*** Opening of EXTRACTED MATERIAL ***

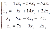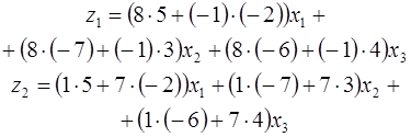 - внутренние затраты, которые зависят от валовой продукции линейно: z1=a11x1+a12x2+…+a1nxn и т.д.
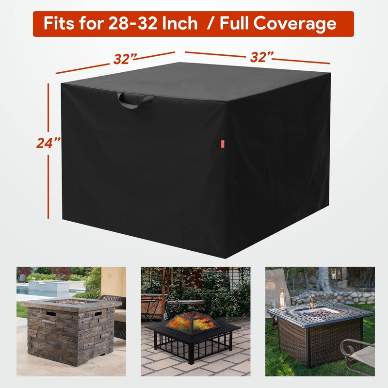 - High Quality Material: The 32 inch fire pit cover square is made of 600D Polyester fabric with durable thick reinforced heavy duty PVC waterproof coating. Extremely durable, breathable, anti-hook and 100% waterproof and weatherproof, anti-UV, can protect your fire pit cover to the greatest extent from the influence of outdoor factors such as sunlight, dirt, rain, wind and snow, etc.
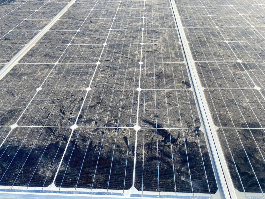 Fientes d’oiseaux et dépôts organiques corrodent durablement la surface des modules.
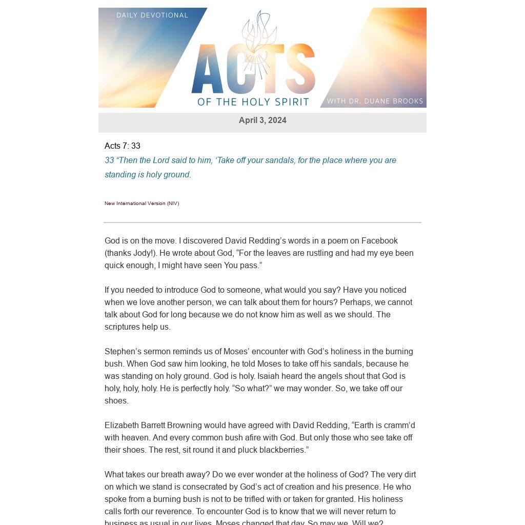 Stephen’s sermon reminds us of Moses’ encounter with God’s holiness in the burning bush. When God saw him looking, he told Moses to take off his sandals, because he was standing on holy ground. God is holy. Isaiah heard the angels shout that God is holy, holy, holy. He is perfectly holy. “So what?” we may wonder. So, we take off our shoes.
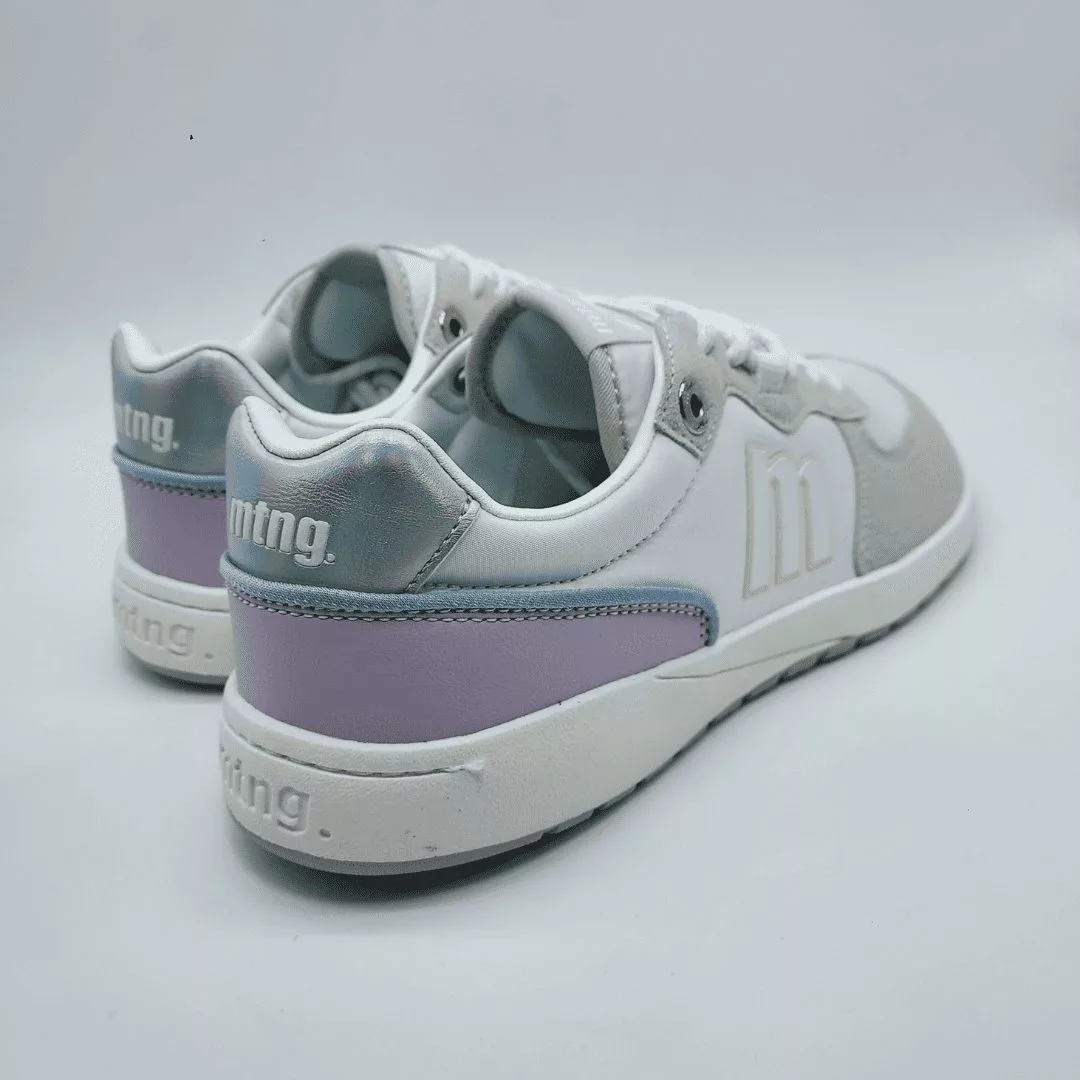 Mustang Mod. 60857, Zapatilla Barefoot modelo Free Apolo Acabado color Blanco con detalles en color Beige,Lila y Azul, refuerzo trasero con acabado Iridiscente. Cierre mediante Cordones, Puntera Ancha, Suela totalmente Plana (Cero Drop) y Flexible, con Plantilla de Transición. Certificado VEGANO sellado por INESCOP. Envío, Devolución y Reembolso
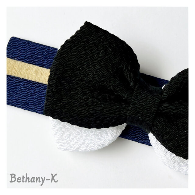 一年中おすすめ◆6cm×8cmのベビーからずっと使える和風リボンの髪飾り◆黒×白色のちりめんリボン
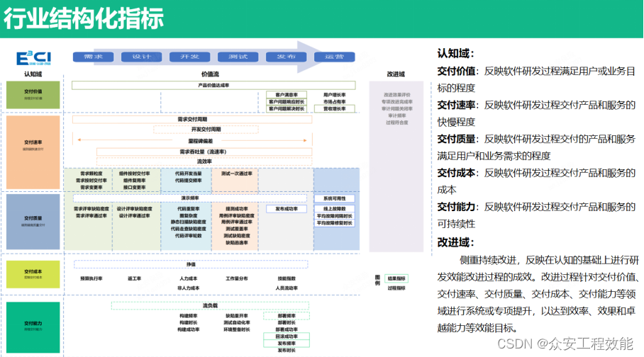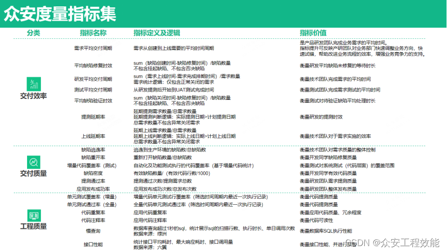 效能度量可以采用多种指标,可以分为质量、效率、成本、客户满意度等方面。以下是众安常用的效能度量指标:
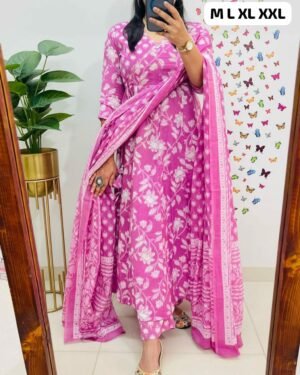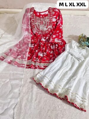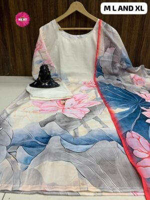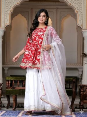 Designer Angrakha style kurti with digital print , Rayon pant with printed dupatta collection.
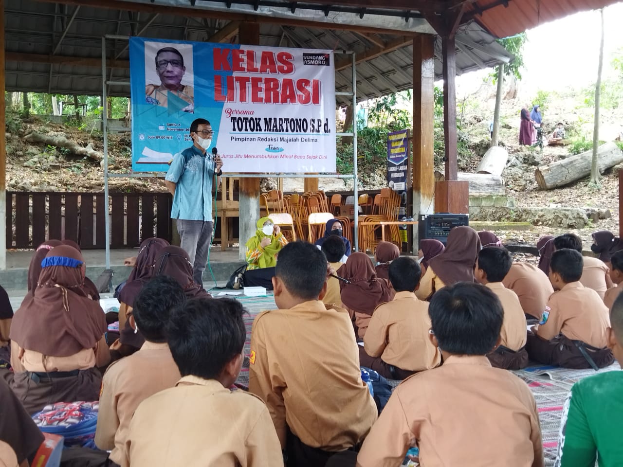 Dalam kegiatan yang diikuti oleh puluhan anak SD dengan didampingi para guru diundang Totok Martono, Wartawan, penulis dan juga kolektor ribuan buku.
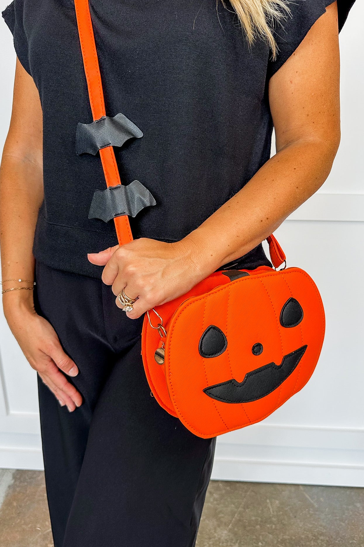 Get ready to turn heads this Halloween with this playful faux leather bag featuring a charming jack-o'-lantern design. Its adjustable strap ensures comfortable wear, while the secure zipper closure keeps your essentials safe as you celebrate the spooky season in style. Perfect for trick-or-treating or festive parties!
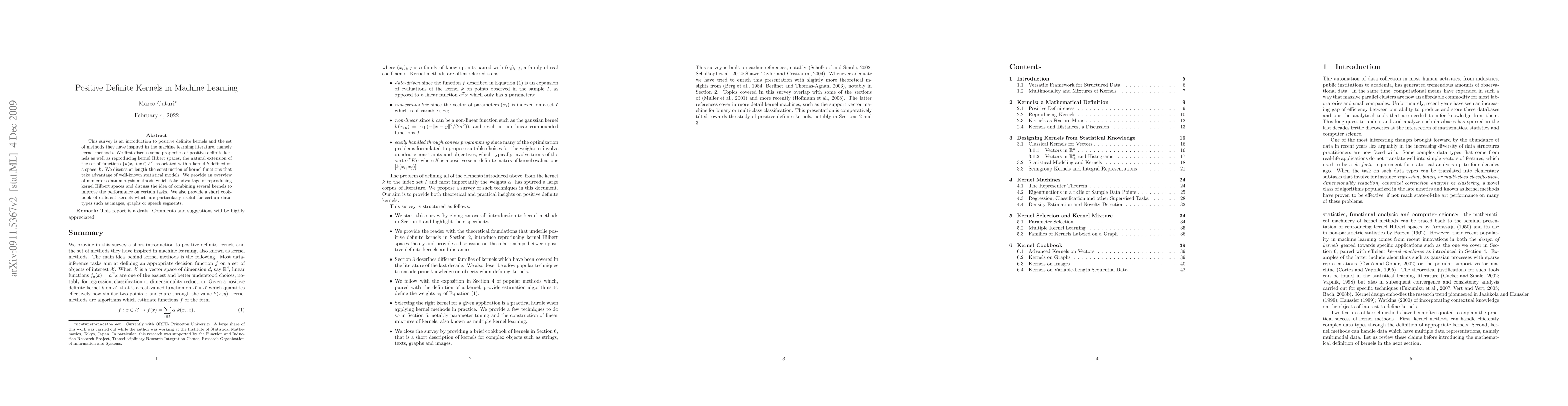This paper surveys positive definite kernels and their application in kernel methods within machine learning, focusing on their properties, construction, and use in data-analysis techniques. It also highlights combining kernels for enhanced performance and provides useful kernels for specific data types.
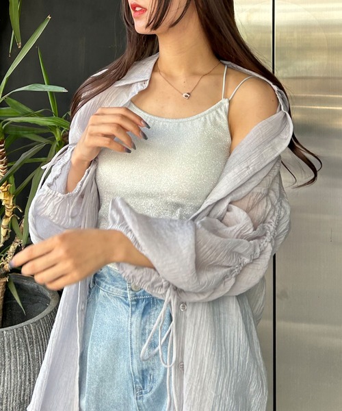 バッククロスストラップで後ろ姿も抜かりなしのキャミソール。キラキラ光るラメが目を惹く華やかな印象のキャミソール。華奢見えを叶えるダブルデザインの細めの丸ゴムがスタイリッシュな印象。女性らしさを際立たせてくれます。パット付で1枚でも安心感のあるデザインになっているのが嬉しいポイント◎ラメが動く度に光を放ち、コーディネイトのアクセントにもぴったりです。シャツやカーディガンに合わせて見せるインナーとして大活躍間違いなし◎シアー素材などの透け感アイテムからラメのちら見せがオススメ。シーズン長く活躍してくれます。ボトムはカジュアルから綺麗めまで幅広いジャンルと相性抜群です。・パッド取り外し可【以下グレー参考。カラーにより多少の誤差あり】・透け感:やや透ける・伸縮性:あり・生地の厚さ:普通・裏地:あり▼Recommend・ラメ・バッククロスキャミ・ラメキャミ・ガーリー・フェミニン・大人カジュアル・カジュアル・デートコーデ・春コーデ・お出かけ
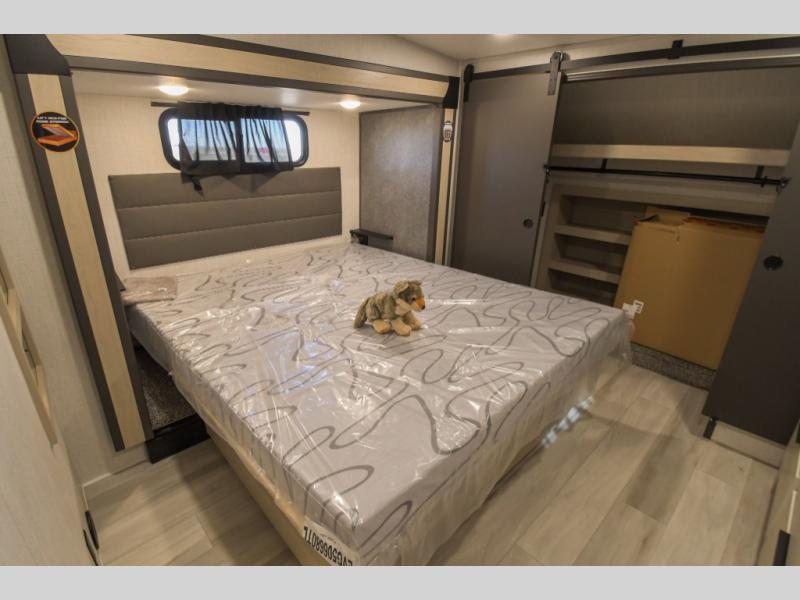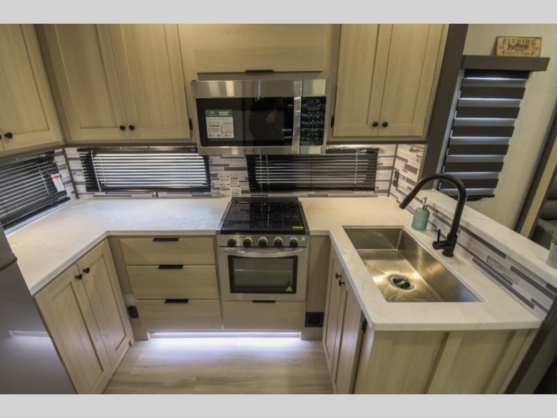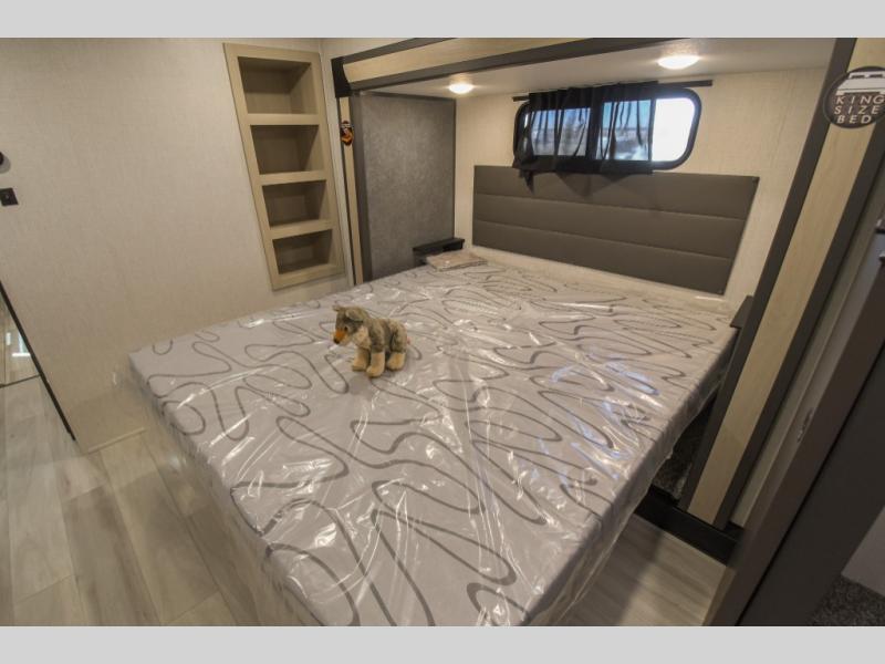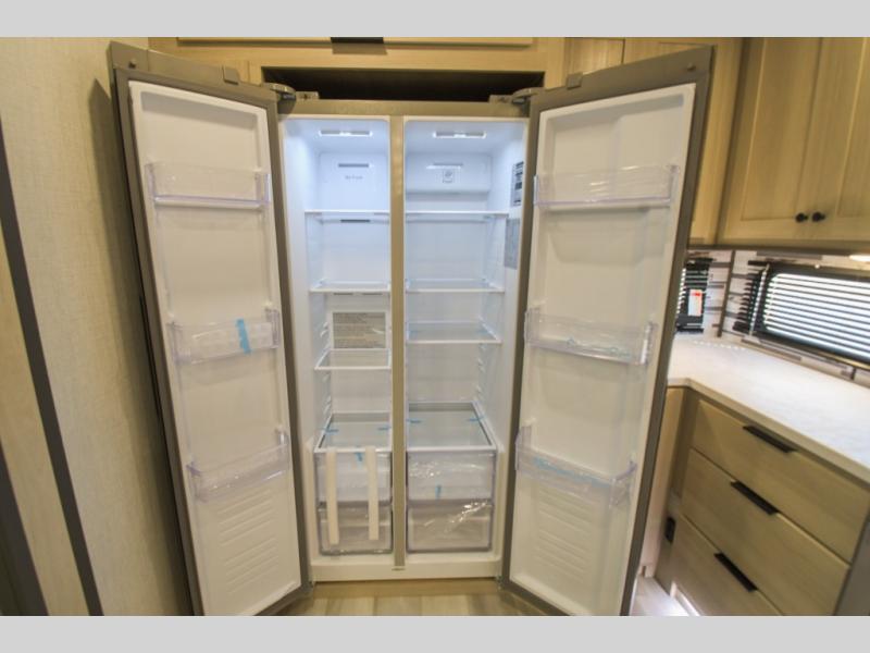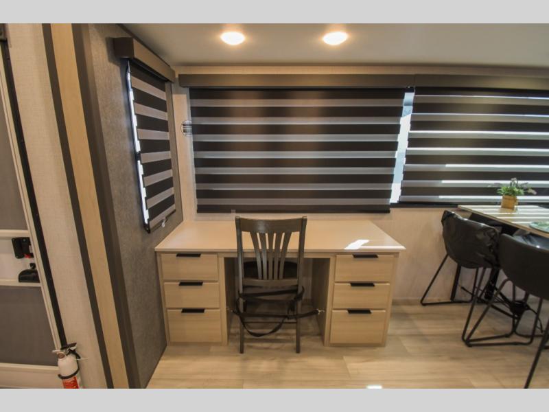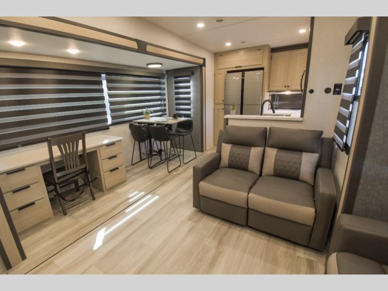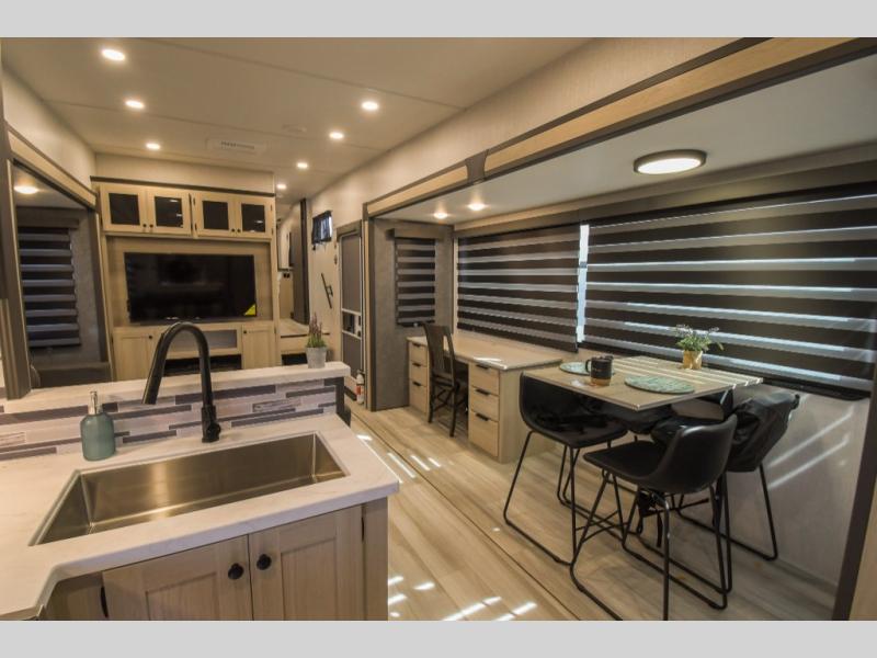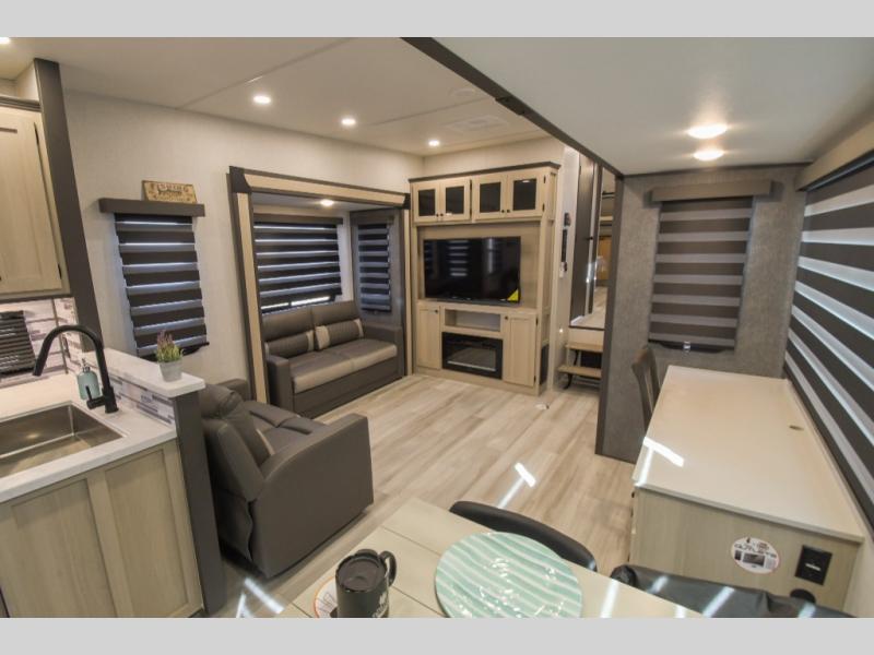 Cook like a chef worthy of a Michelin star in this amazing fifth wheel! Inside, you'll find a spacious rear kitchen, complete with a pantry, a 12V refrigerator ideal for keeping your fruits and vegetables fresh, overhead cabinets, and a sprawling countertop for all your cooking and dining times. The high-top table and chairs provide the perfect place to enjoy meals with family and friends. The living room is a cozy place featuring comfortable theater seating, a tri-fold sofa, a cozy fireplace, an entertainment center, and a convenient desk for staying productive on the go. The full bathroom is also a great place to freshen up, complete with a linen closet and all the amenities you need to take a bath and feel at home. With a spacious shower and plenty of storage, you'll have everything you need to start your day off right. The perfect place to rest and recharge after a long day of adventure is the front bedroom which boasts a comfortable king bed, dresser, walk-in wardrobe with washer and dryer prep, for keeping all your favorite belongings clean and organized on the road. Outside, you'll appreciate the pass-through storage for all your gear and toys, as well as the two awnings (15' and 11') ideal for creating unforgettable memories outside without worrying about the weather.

*** Close of EXTRACTED MATERIAL ***

# TASK TO CARRY OUT
Look above for the line with "Get ready to" and copy exactly from it through the line with "This paper surveys", both included. Omit the pictures.

# RESULT
 Get ready to turn heads this Halloween with this playful faux leather bag featuring a charming jack-o'-lantern design. Its adjustable strap ensures comfortable wear, while the secure zipper closure keeps your essentials safe as you celebrate the spooky season in style. Perfect for trick-or-treating or festive parties!
This paper surveys positive definite kernels and their application in kernel methods within machine learning, focusing on their properties, construction, and use in data-analysis techniques. It also highlights combining kernels for enhanced performance and provides useful kernels for specific data types.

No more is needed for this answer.